ACTIVITY — Reproduce every entry below precisely; do not include the pictures.

Records from a collection —
************
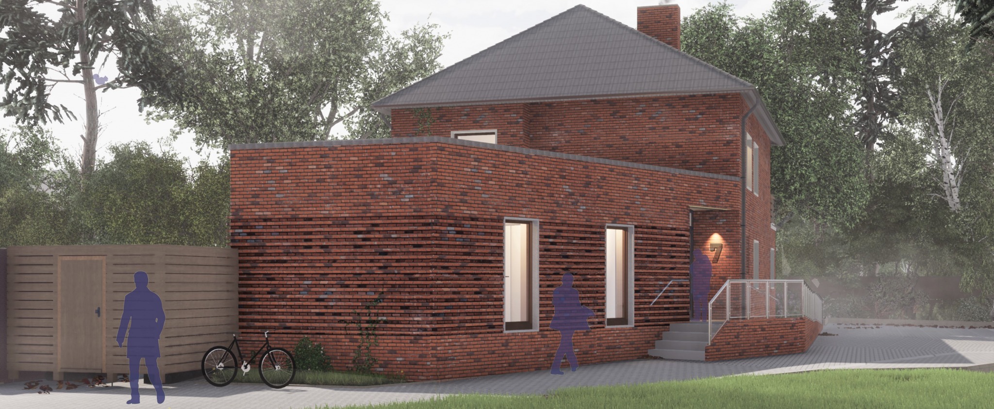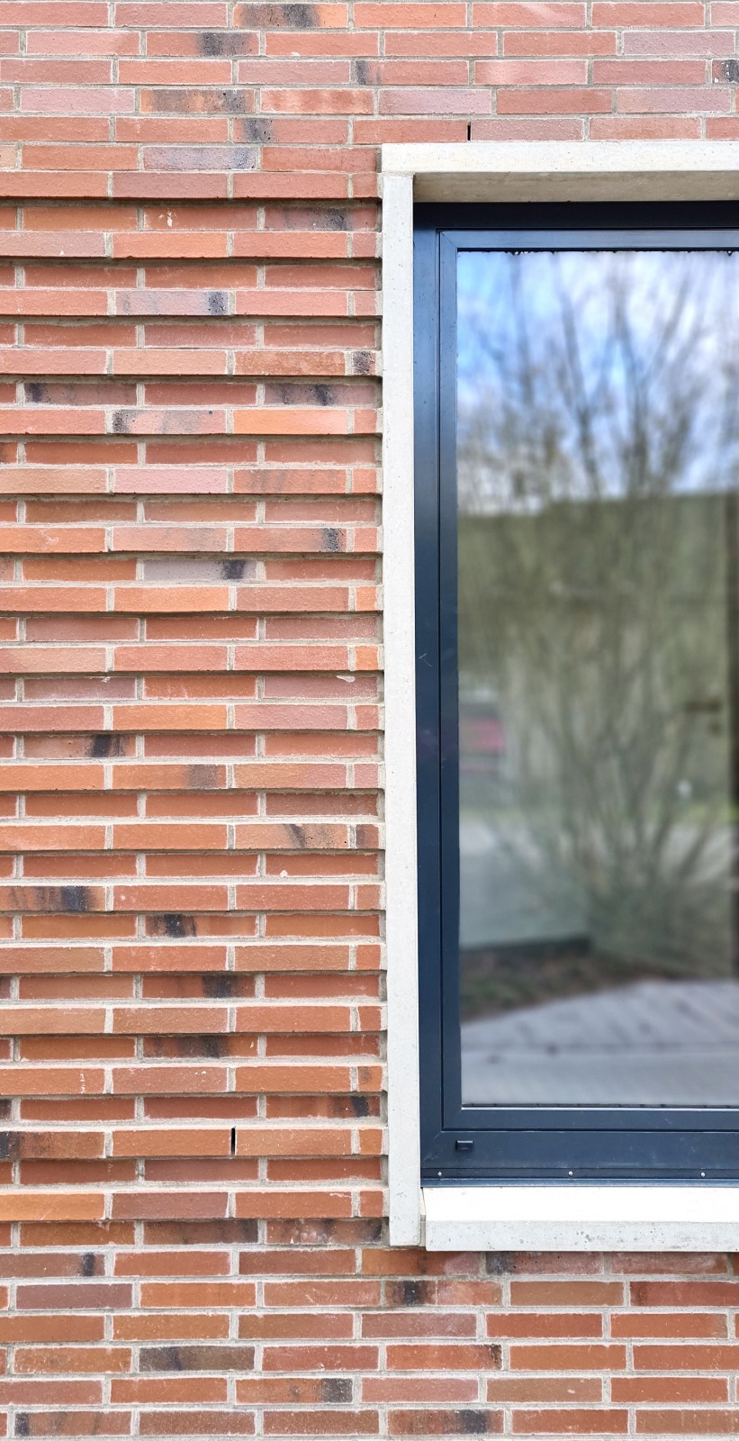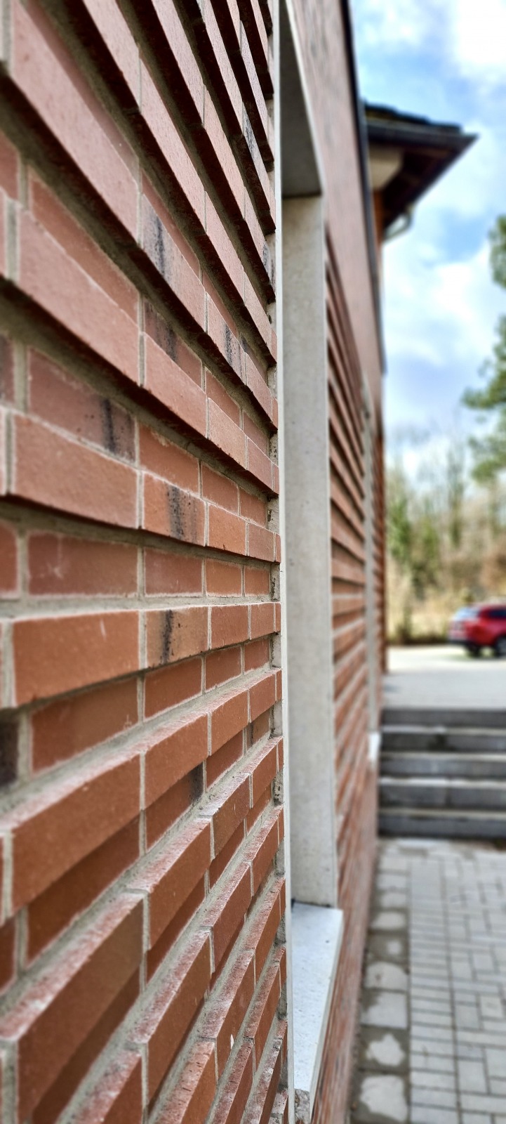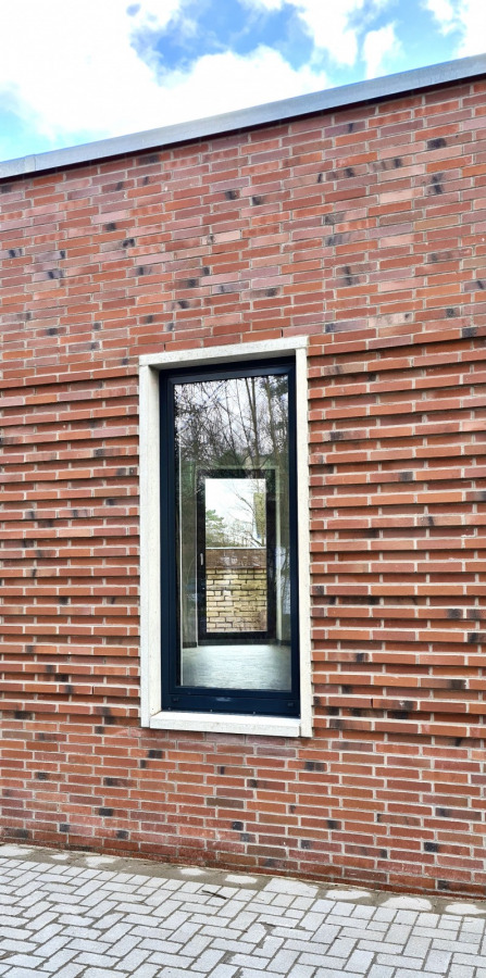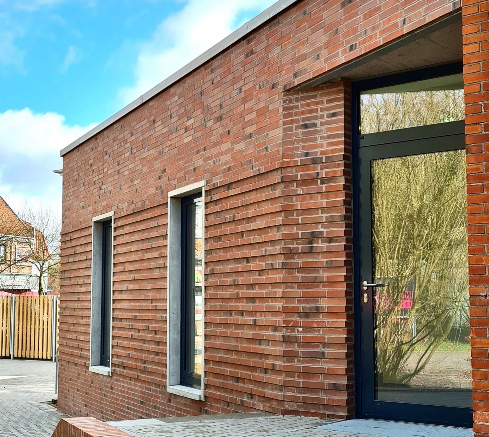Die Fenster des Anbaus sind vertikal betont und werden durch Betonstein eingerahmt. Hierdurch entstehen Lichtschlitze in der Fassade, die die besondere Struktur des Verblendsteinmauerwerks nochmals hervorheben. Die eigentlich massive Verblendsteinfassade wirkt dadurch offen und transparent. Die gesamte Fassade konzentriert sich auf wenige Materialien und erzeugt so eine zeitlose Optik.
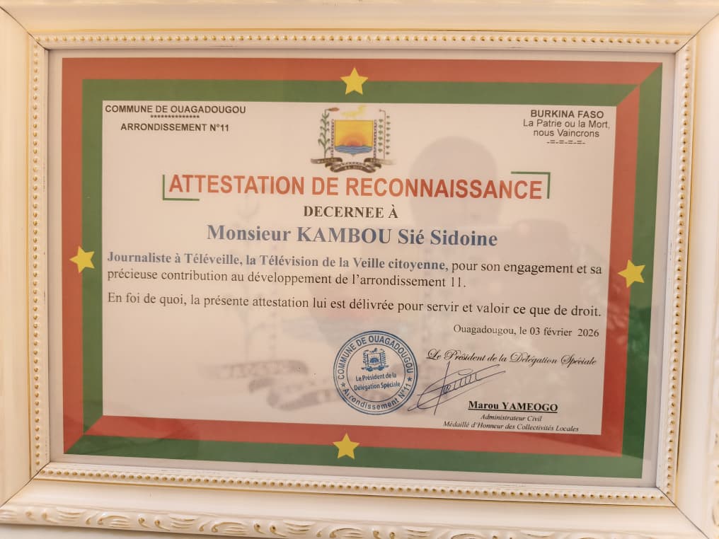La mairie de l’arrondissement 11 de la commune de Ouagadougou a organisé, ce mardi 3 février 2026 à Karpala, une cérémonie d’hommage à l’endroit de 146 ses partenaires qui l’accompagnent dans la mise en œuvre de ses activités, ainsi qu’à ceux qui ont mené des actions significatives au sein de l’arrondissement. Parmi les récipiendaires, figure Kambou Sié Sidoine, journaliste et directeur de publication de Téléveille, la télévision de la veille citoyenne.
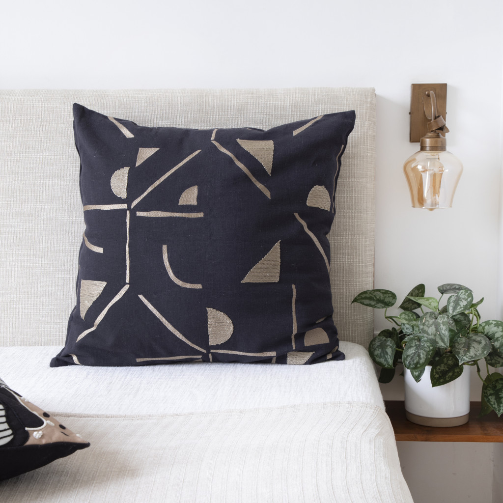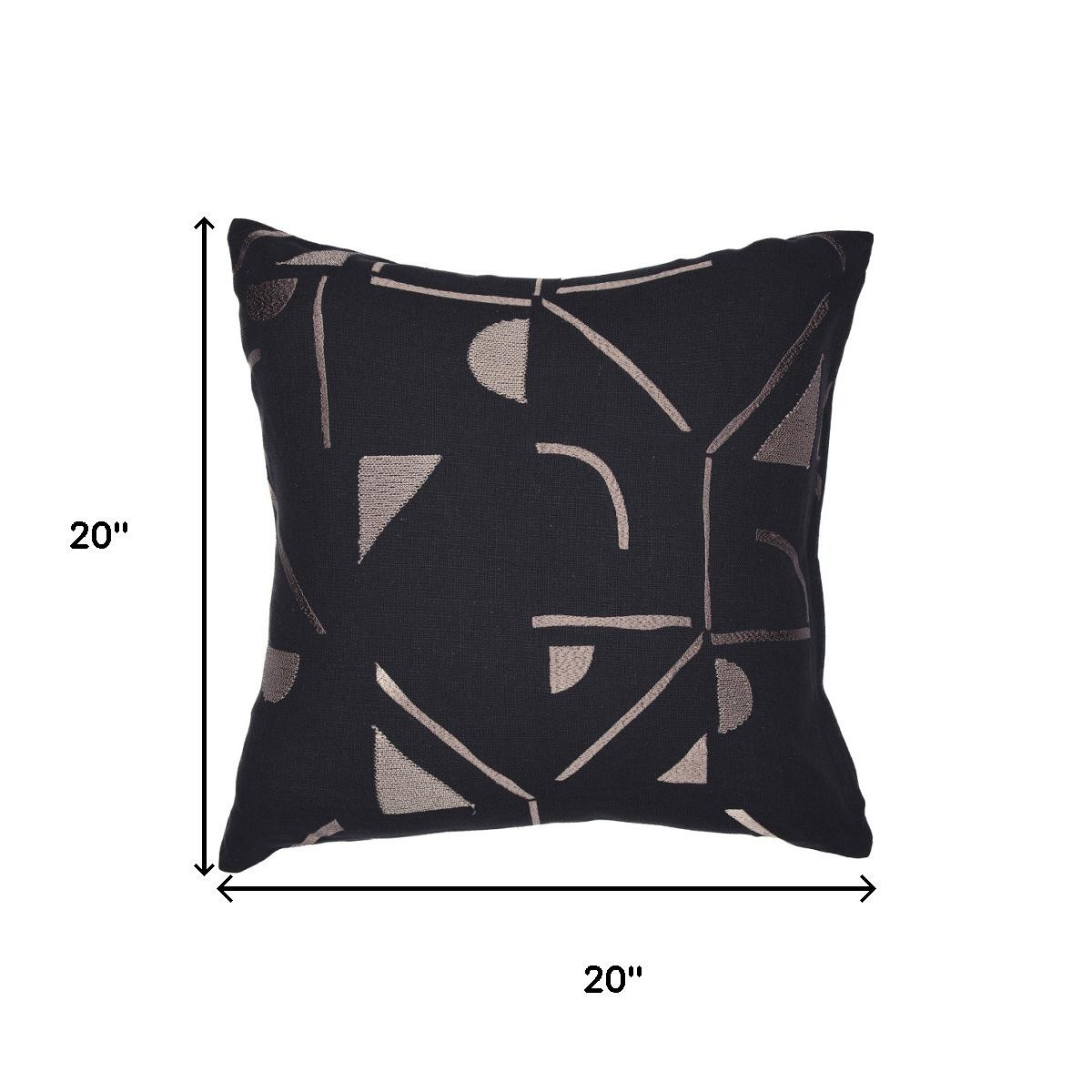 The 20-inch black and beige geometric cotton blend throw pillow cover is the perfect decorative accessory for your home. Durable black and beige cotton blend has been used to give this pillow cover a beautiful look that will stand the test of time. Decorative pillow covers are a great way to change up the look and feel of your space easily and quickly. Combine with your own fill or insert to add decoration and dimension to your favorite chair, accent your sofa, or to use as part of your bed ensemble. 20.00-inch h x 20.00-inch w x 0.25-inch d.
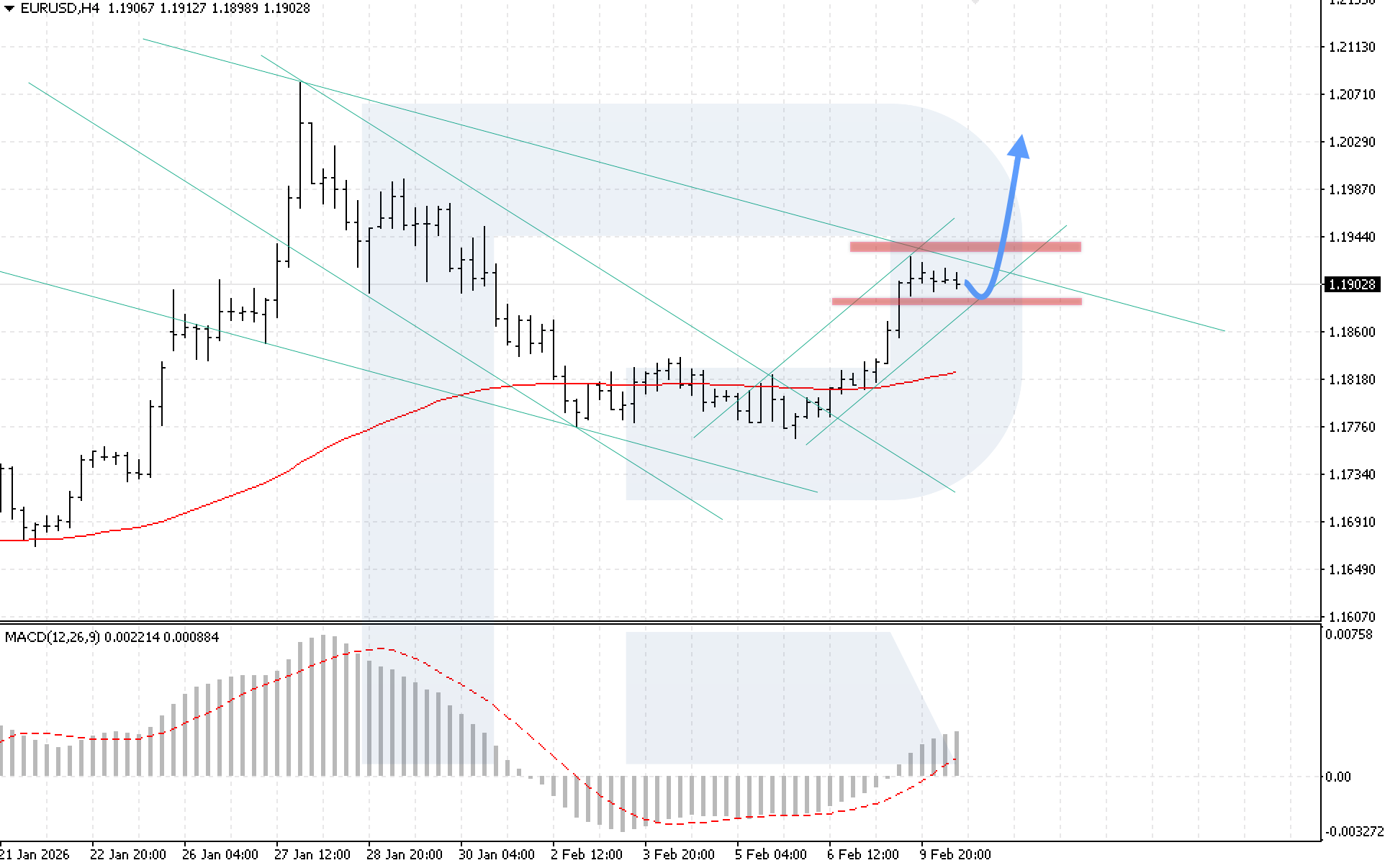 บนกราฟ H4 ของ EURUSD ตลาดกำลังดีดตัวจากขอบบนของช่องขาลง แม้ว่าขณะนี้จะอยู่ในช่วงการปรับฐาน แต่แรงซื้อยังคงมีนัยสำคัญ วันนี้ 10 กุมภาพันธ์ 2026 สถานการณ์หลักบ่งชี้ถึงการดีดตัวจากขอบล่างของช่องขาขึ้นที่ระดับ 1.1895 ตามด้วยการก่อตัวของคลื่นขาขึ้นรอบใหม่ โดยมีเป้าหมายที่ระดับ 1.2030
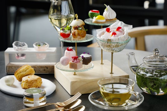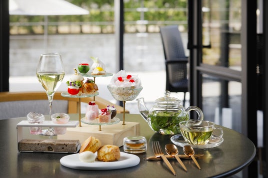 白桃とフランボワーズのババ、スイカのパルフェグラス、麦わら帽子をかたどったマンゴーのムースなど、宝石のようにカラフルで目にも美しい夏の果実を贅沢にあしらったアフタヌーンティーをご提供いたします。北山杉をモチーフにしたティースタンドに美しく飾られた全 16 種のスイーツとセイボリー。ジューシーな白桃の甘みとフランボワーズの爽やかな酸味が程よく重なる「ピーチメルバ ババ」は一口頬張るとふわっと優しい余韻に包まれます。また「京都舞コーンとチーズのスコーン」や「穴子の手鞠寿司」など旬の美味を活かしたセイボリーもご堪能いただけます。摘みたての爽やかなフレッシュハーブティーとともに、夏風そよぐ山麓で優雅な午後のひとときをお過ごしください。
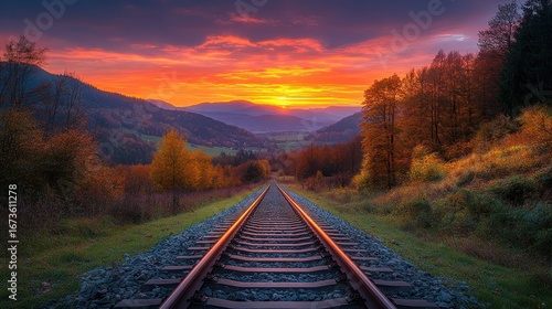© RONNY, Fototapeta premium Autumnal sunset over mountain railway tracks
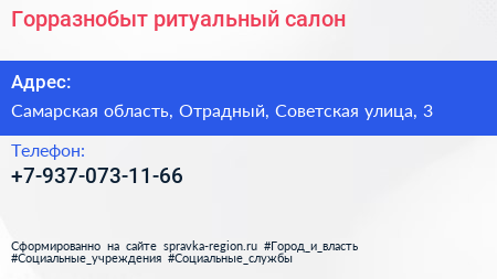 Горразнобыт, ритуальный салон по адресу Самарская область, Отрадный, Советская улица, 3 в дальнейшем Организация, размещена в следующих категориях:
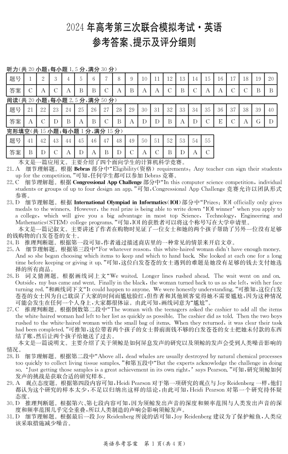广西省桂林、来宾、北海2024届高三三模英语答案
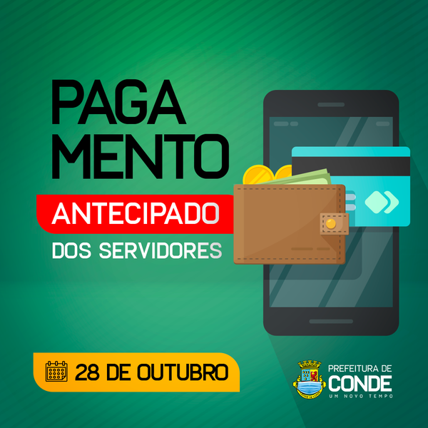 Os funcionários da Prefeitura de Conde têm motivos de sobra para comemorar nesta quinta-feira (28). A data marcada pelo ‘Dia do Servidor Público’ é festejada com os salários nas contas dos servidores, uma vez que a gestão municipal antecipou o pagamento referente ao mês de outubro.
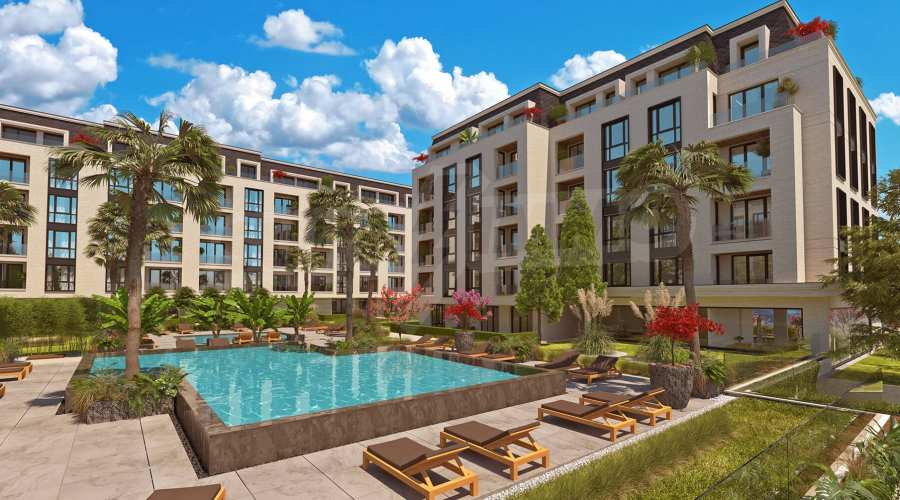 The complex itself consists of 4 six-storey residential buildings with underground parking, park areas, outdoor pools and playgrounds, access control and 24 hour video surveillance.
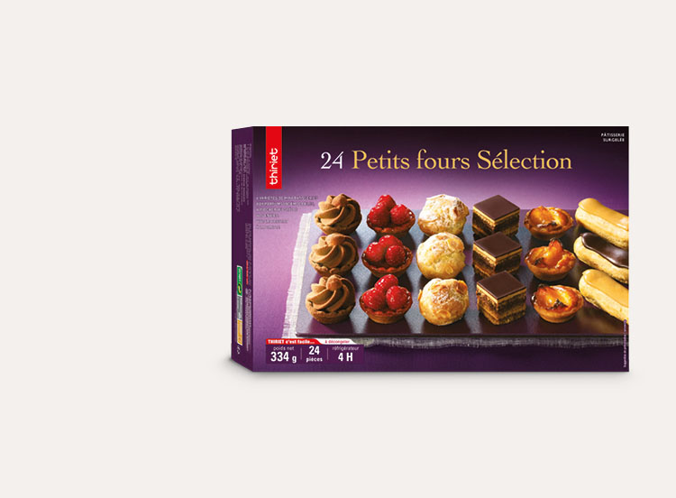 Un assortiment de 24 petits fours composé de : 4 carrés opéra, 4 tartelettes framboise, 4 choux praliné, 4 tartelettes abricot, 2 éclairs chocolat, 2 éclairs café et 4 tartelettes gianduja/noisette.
************
ANSWER —
Die Fenster des Anbaus sind vertikal betont und werden durch Betonstein eingerahmt. Hierdurch entstehen Lichtschlitze in der Fassade, die die besondere Struktur des Verblendsteinmauerwerks nochmals hervorheben. Die eigentlich massive Verblendsteinfassade wirkt dadurch offen und transparent. Die gesamte Fassade konzentriert sich auf wenige Materialien und erzeugt so eine zeitlose Optik.
La mairie de l’arrondissement 11 de la commune de Ouagadougou a organisé, ce mardi 3 février 2026 à Karpala, une cérémonie d’hommage à l’endroit de 146 ses partenaires qui l’accompagnent dans la mise en œuvre de ses activités, ainsi qu’à ceux qui ont mené des actions significatives au sein de l’arrondissement. Parmi les récipiendaires, figure Kambou Sié Sidoine, journaliste et directeur de publication de Téléveille, la télévision de la veille citoyenne.
 The 20-inch black and beige geometric cotton blend throw pillow cover is the perfect decorative accessory for your home. Durable black and beige cotton blend has been used to give this pillow cover a beautiful look that will stand the test of time. Decorative pillow covers are a great way to change up the look and feel of your space easily and quickly. Combine with your own fill or insert to add decoration and dimension to your favorite chair, accent your sofa, or to use as part of your bed ensemble. 20.00-inch h x 20.00-inch w x 0.25-inch d.
 บนกราฟ H4 ของ EURUSD ตลาดกำลังดีดตัวจากขอบบนของช่องขาลง แม้ว่าขณะนี้จะอยู่ในช่วงการปรับฐาน แต่แรงซื้อยังคงมีนัยสำคัญ วันนี้ 10 กุมภาพันธ์ 2026 สถานการณ์หลักบ่งชี้ถึงการดีดตัวจากขอบล่างของช่องขาขึ้นที่ระดับ 1.1895 ตามด้วยการก่อตัวของคลื่นขาขึ้นรอบใหม่ โดยมีเป้าหมายที่ระดับ 1.2030
 白桃とフランボワーズのババ、スイカのパルフェグラス、麦わら帽子をかたどったマンゴーのムースなど、宝石のようにカラフルで目にも美しい夏の果実を贅沢にあしらったアフタヌーンティーをご提供いたします。北山杉をモチーフにしたティースタンドに美しく飾られた全 16 種のスイーツとセイボリー。ジューシーな白桃の甘みとフランボワーズの爽やかな酸味が程よく重なる「ピーチメルバ ババ」は一口頬張るとふわっと優しい余韻に包まれます。また「京都舞コーンとチーズのスコーン」や「穴子の手鞠寿司」など旬の美味を活かしたセイボリーもご堪能いただけます。摘みたての爽やかなフレッシュハーブティーとともに、夏風そよぐ山麓で優雅な午後のひとときをお過ごしください。
© RONNY, Fototapeta premium Autumnal sunset over mountain railway tracks
 Горразнобыт, ритуальный салон по адресу Самарская область, Отрадный, Советская улица, 3 в дальнейшем Организация, размещена в следующих категориях:
广西省桂林、来宾、北海2024届高三三模英语答案
 Os funcionários da Prefeitura de Conde têm motivos de sobra para comemorar nesta quinta-feira (28). A data marcada pelo ‘Dia do Servidor Público’ é festejada com os salários nas contas dos servidores, uma vez que a gestão municipal antecipou o pagamento referente ao mês de outubro.
 The complex itself consists of 4 six-storey residential buildings with underground parking, park areas, outdoor pools and playgrounds, access control and 24 hour video surveillance.
 Un assortiment de 24 petits fours composé de : 4 carrés opéra, 4 tartelettes framboise, 4 choux praliné, 4 tartelettes abricot, 2 éclairs chocolat, 2 éclairs café et 4 tartelettes gianduja/noisette.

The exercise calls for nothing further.